Kelly Loeffler (Getty Images)

“Politicians love votes & money (not necessarily in that order). Want to get @SenLoeffler & @sendavidperdue out of their basements to demand that action must be taken to fix steal of the 11/3 GA election? Threaten to withhold your votes & money. Demand that they represent you,” he said in his post on Twitter.



 

In another tweet, Wood tagged Perdue and Loeffler and other top officials of Georgia’s administration like Governor Brian Kemp, Lieutenant Governor Geoff Duncan, Georgia Secretary of State Brad Raffensperger and the state’s Attorney General Chris Carr -- all Republicans -- to take action and back Trump in his fight. He posted a picture of three canines to warn that they were becoming impatient and have teeth like Georgia’s voters.



 

In yet another tweet, Wood, who is best known for defending Richard Jewell in the Atlanta Olympics (1996) bomb threat case, took on Loeffler saying she was not elected but appointed by Governor Kemp (in January after incumbent Johnny Isakson resigned for health reasons) and if she wanted to get the Republican votes, she needed to support the special session of the Georgia legislature and President Trump. Loeffler has put herself in isolation after her Covid-19 results were found to be inconclusive.



 

Why Georgia runoff elections are important

Perdue and Loeffler have so far remained silent on the issue of voter fraud which Trump and his aides have not succeeded in establishing. The GOP duo has instead focused more on their January 5 elections. The balance of the Senate will be decided by the outcomes of the Georgia elections. Till now, the Republicans have clinched 50 seats while the Democrats and their associates have bagged 48 (46 plus two). If the Blue party bags both the seats from Georgia, it will come down to a 50-50 tie but the Dems will be effectively in control of the chamber since Biden is poised to win the White House and Democratic Vice President-elect Kamala Harris will have the power to cast votes to break the stalemate. The Republicans currently have a 53-47 lead in the Senate and will be keenly hoping the Georgia seats go to it to maintain the majority, even if slender. 

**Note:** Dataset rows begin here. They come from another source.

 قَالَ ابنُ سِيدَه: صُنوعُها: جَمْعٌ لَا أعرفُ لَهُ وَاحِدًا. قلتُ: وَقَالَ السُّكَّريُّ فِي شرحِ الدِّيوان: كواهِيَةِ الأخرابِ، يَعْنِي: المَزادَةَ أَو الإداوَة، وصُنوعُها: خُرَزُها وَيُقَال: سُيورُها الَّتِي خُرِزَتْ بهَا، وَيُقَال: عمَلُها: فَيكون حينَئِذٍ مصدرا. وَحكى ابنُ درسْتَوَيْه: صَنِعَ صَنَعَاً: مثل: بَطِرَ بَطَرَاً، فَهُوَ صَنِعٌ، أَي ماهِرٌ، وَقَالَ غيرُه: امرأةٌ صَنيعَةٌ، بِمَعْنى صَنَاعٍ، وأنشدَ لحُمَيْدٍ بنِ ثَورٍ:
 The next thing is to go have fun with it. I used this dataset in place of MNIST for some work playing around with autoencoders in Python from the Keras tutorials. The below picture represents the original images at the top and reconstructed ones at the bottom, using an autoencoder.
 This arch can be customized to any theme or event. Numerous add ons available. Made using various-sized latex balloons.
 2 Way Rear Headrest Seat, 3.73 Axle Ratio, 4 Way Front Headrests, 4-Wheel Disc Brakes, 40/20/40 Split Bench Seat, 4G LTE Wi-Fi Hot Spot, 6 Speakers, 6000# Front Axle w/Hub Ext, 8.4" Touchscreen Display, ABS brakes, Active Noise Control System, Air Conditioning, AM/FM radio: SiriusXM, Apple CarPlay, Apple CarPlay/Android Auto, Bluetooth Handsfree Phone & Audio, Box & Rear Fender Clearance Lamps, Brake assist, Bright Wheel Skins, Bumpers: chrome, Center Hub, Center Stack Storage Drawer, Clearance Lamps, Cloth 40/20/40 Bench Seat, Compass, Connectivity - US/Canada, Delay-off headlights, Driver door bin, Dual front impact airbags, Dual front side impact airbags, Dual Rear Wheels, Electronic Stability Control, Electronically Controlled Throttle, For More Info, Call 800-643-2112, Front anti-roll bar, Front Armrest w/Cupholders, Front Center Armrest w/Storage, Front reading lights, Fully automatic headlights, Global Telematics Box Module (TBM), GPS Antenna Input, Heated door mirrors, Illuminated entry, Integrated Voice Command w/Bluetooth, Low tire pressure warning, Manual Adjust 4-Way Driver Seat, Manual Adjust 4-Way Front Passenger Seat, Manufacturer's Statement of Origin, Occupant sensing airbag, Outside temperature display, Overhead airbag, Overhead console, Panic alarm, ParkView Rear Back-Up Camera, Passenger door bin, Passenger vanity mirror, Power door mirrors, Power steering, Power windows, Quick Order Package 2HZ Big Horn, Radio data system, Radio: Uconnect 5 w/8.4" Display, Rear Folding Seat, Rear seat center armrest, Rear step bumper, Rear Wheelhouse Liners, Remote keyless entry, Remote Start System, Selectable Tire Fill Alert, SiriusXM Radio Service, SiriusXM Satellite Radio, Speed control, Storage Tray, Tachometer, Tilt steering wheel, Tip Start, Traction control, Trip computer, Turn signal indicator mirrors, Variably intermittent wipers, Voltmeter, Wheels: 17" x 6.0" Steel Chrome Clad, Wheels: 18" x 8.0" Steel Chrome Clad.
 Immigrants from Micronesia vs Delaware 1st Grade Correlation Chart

Both Loeffler and Perdue are in extremely tight contests with neither able to bag more than 50 percent of the votes in the election held earlier this month. Georgia requires the winner to get at least 50 percent of the voters to emerge the winner. 

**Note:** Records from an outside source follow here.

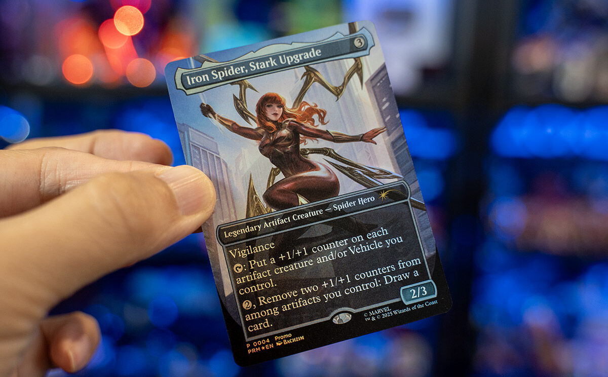 The exclusive foil Magic: The Gathering | Marvel’s Spider-Man card, “Iron Spider, Stark Upgrade”, improves your artifact army with +1/+1 counters and then converts those counters into resources to draw a card.
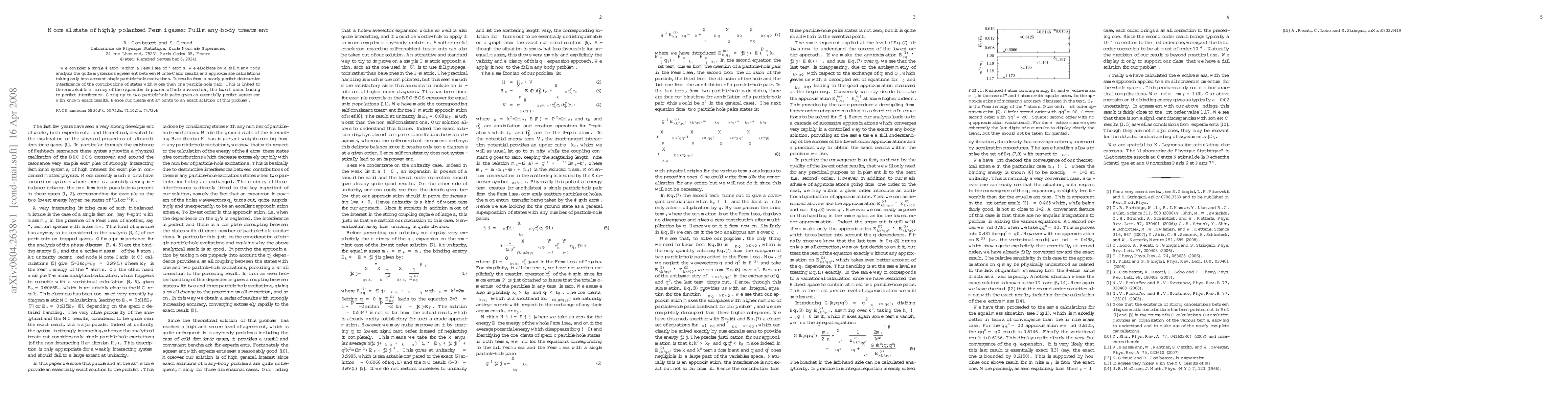 The paper presents a comprehensive many-body analysis of a single down-spin atom in a Fermi sea of up-spin atoms, explaining the surprising agreement between Monte-Carlo results and simpler calculations. This agreement stems from nearly perfect destructive interference of multi-particle-hole pair states, attributed to the effectiveness of an expansion in powers of hole wavevectors. Including up to two particle-hole pairs provides near-perfect agreement with known exact results, effectively solving the problem.
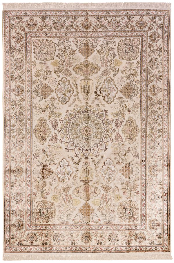 Türkei. Seide auf Seide. Im cremefarbenen Innenfeld beige-braunes Zentralmedaillon sowie flächendeckende Musterung aus Kartuschenmotiven, Palmetten und Blütenrispen. Umlaufend breite, korrespondierende Bordüre mit Vasenmotiven, begrenzt von schmalen Bändern. 266 cm x 182 cm.
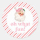 Retro Pink Santa Oh What Fun Classic Round Sticker
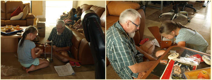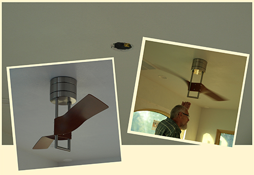 Juergen and ourr "House elf" Johanna start to put the pieces together for the installation of the fan:

David Perdue (Getty Images)

In the case of Loeffler who contested in the special election, her Democratic opponent Raphael Warnock won nearly 33 percent of the votes in the November election while the former trailed him with 26 percent. Perdue, on the other hand, got 49.8 percent of the votes while his opponent Jon Ossoff got 47.9 percent. 
 
Wood has also filed a suit against Raffensperger and called into question some of his actions that he believed undermined the integrity of the recently held election. While the former argued that Georgia’s election should not be certified and a hand recount should be held, the latter refused to entertain the emergency motion. He also alleged recently that his fellow Republicans were putting pressure on him to find ways to exclude ballots.